### WHAT TO DO
Restate the records word for word. Include no pictures.
[INFORMATION PROVIDED]
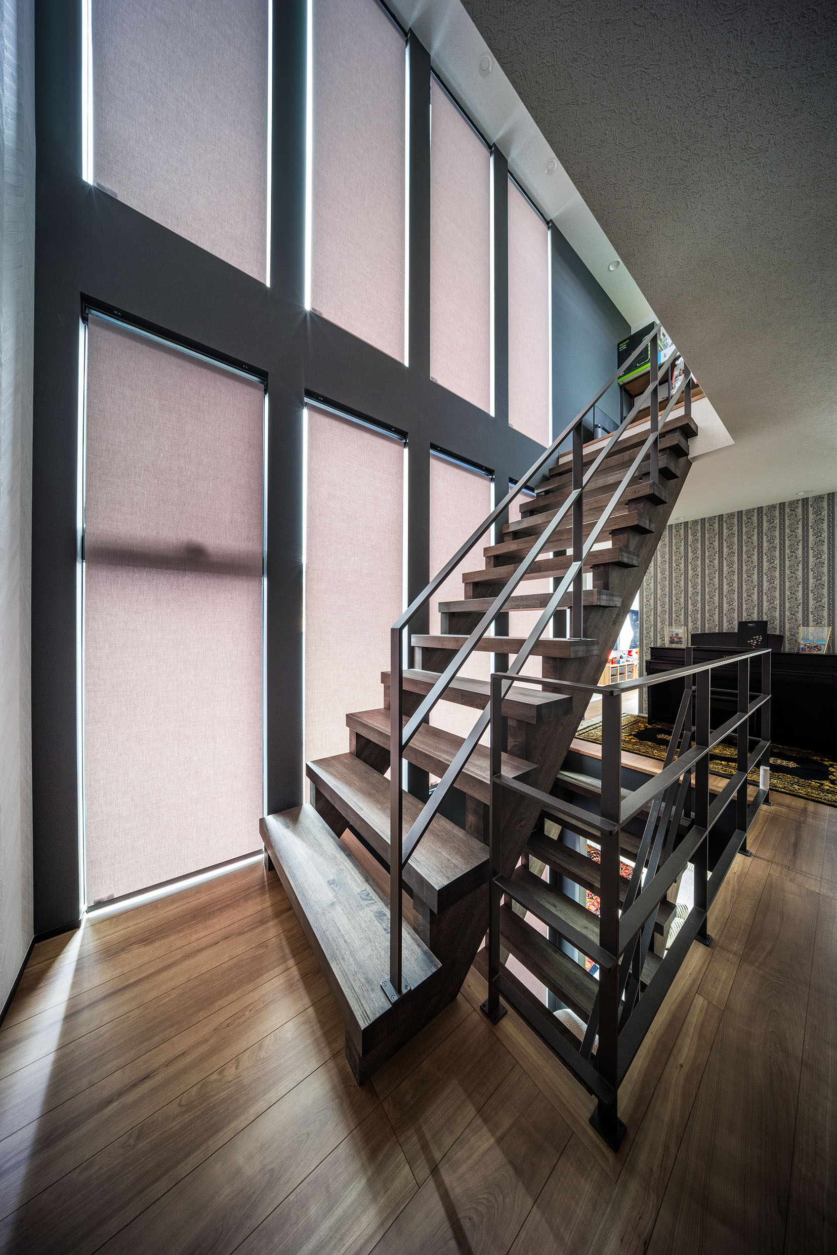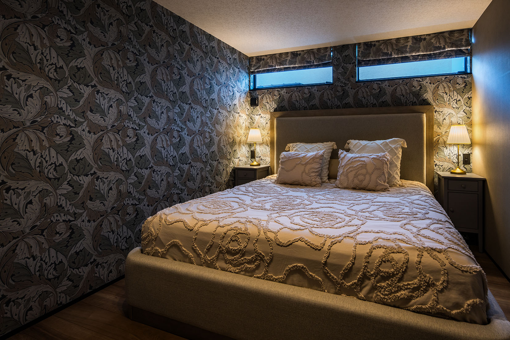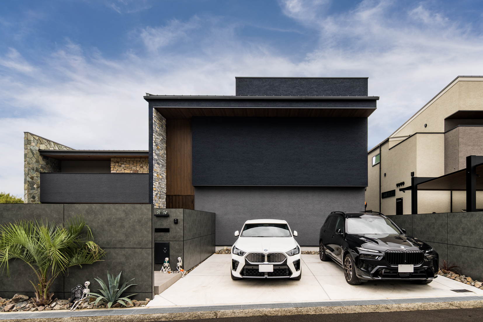 深いブラウンの木質天井とグレートーンのシンプルモダンが織りなす、優雅で洗練された空間。
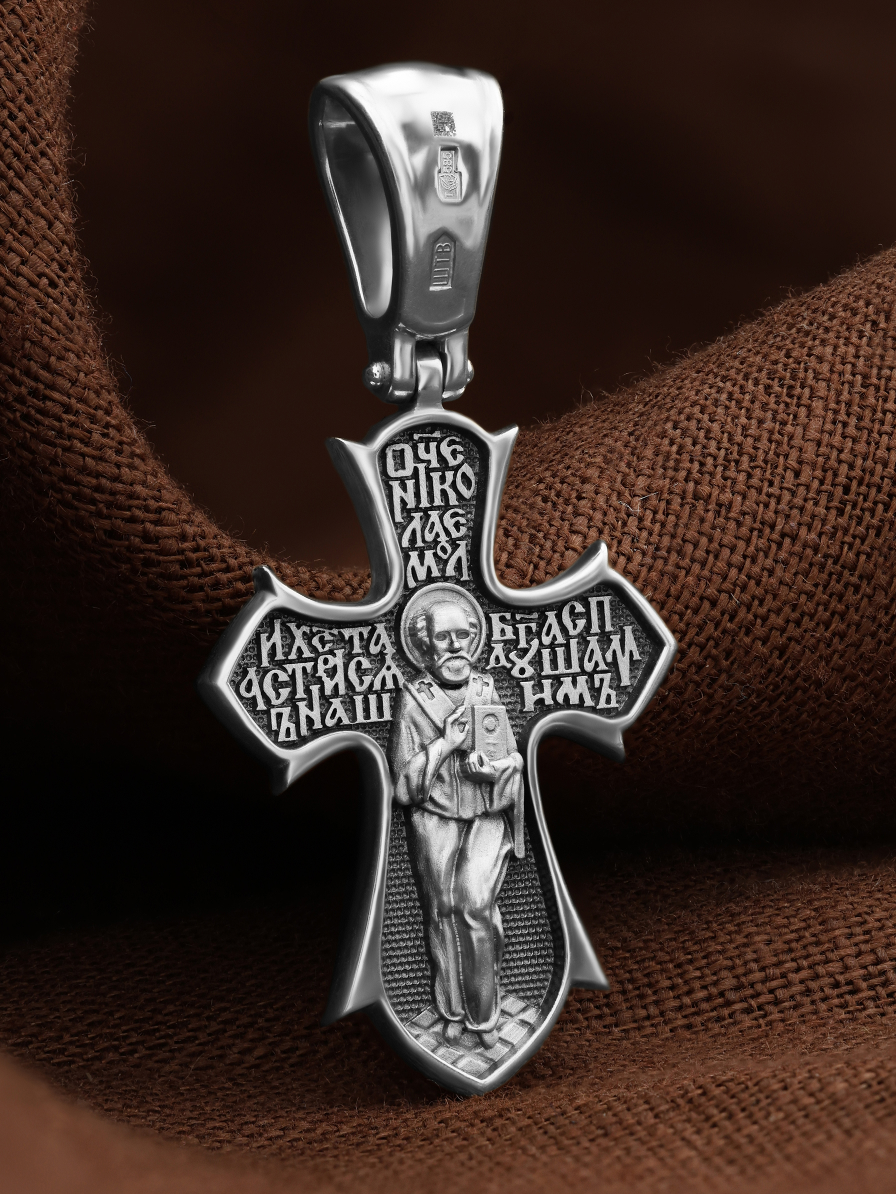 Оборотную сторону креста возглавляет икона Святителя Николая Чудотворца, которого еще называют Николай Угодник за то, что он угодил своей жизнью Богу. Николай Чудотворец, помощник в делах, покровитель учащихся, утешитель обиженных. Также Святитель Николай Чудотворец известен своими молитвами за путешественников, когда непрестанный ветер и бушующие волны утихают и корабль заходит в спокойную гавань. На кресте написана молитва: «Отче Николае, моли Христа Бога спастися душам нашим».
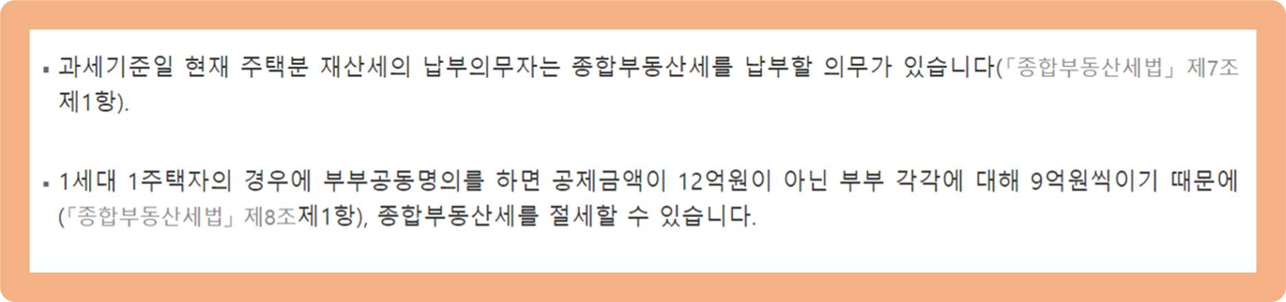 아파트 공동명의 변경 장점, 종합부동산세(종부세) 절감 효과
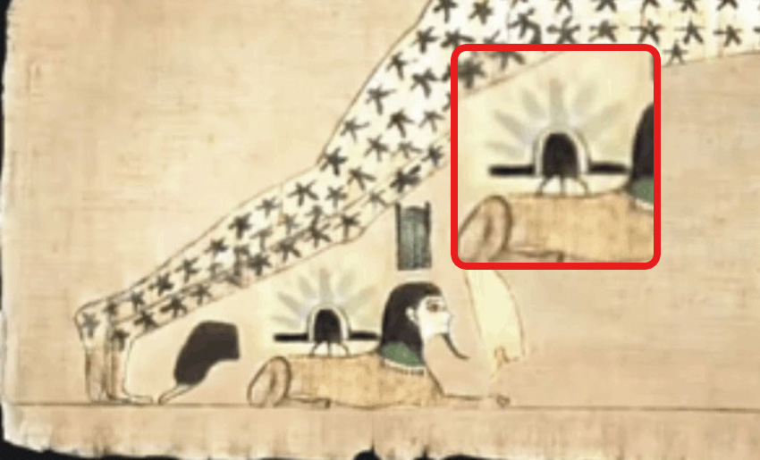 L’enigmatica vignetta di 3.000 anni fa del papiro funerario di Djedkhonsuiefankh, esposta al Museo del Cairo, illustra una scena incredibile: un oggetto a forma di disco, raffigurato come estremamente luminoso, con un dispositivo di atterraggio dispiegato in cima a una Sfinge.
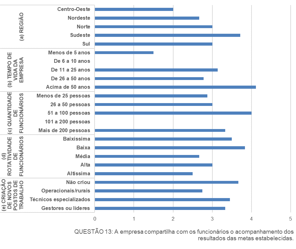 13. A empresa compartilha com os funcionários o acompanhamento dos resultados das metas estabelecidas. | 64,44% | Alta | 3,22 | 4,00 | 1,31 |
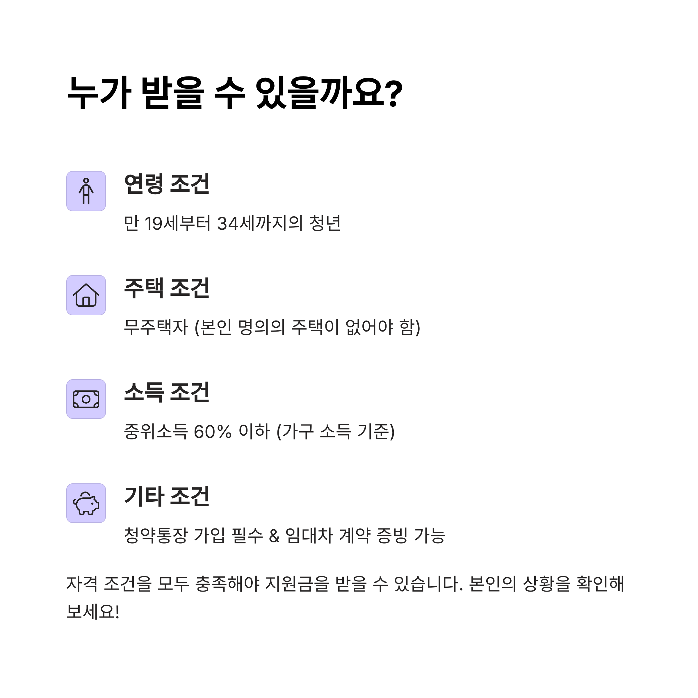 - 청년가구 소득: 중위소득 60% 이하 (1인 기준 약 143만 원)
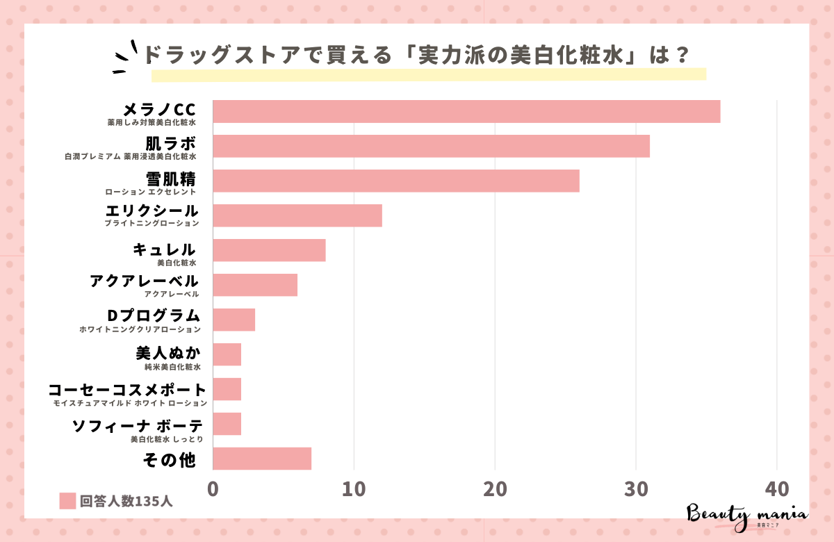 アンケート内容:ドラッグストアで買える「実力派だと思う美白化粧水」教えてください
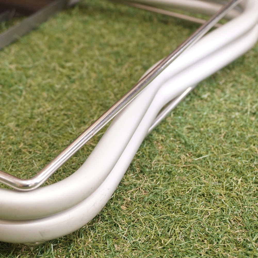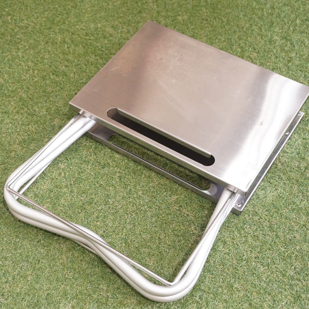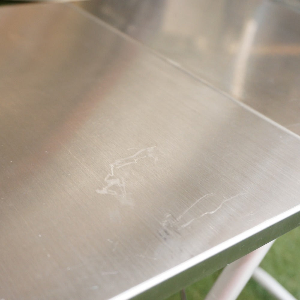 商品説明 | 焚火の時間に欠かせない、タフなサイドテーブル。 天板はオールステンレスで、圧倒的に熱に強く、頑丈で、アツアツの料理が入ったダッチオーブンを置くことも可能です。 |
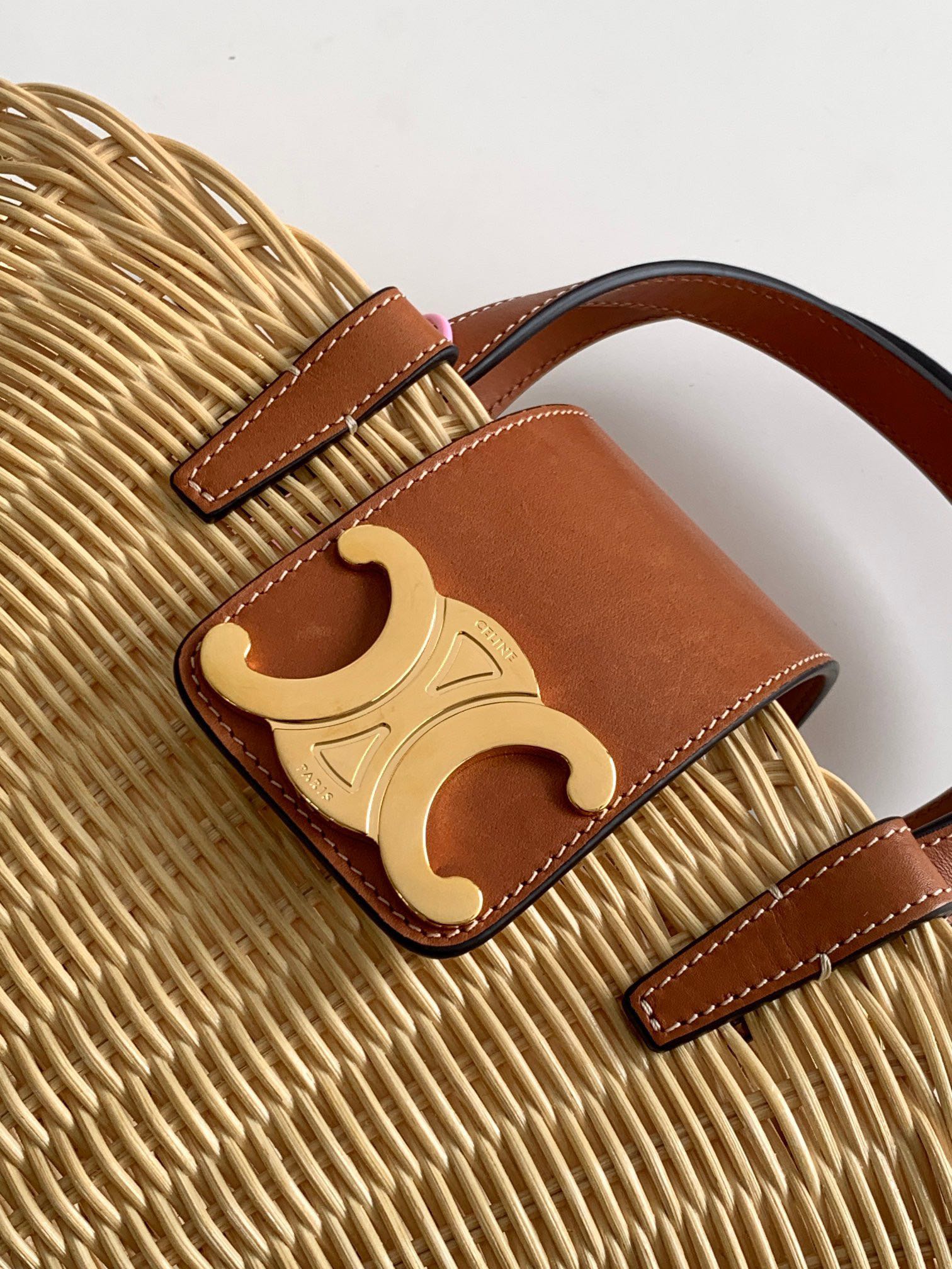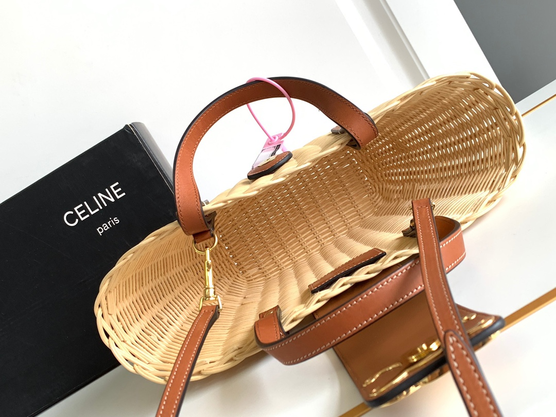 CELINE Vacation Collection “Basket Bag” 🏖 Material: Natural wicker rattan + cowhide leather Size: 32 x 14 x 7 cm Model Number: 116572
[/INFORMATION PROVIDED]
### REPLY TO THE EXERCISE
 深いブラウンの木質天井とグレートーンのシンプルモダンが織りなす、優雅で洗練された空間。
 Оборотную сторону креста возглавляет икона Святителя Николая Чудотворца, которого еще называют Николай Угодник за то, что он угодил своей жизнью Богу. Николай Чудотворец, помощник в делах, покровитель учащихся, утешитель обиженных. Также Святитель Николай Чудотворец известен своими молитвами за путешественников, когда непрестанный ветер и бушующие волны утихают и корабль заходит в спокойную гавань. На кресте написана молитва: «Отче Николае, моли Христа Бога спастися душам нашим».
 아파트 공동명의 변경 장점, 종합부동산세(종부세) 절감 효과
 L’enigmatica vignetta di 3.000 anni fa del papiro funerario di Djedkhonsuiefankh, esposta al Museo del Cairo, illustra una scena incredibile: un oggetto a forma di disco, raffigurato come estremamente luminoso, con un dispositivo di atterraggio dispiegato in cima a una Sfinge.
 13. A empresa compartilha com os funcionários o acompanhamento dos resultados das metas estabelecidas. | 64,44% | Alta | 3,22 | 4,00 | 1,31 |
 - 청년가구 소득: 중위소득 60% 이하 (1인 기준 약 143만 원)
 アンケート内容:ドラッグストアで買える「実力派だと思う美白化粧水」教えてください
 商品説明 | 焚火の時間に欠かせない、タフなサイドテーブル。 天板はオールステンレスで、圧倒的に熱に強く、頑丈で、アツアツの料理が入ったダッチオーブンを置くことも可能です。 |
 CELINE Vacation Collection “Basket Bag” 🏖 Material: Natural wicker rattan + cowhide leather Size: 32 x 14 x 7 cm Model Number: 116572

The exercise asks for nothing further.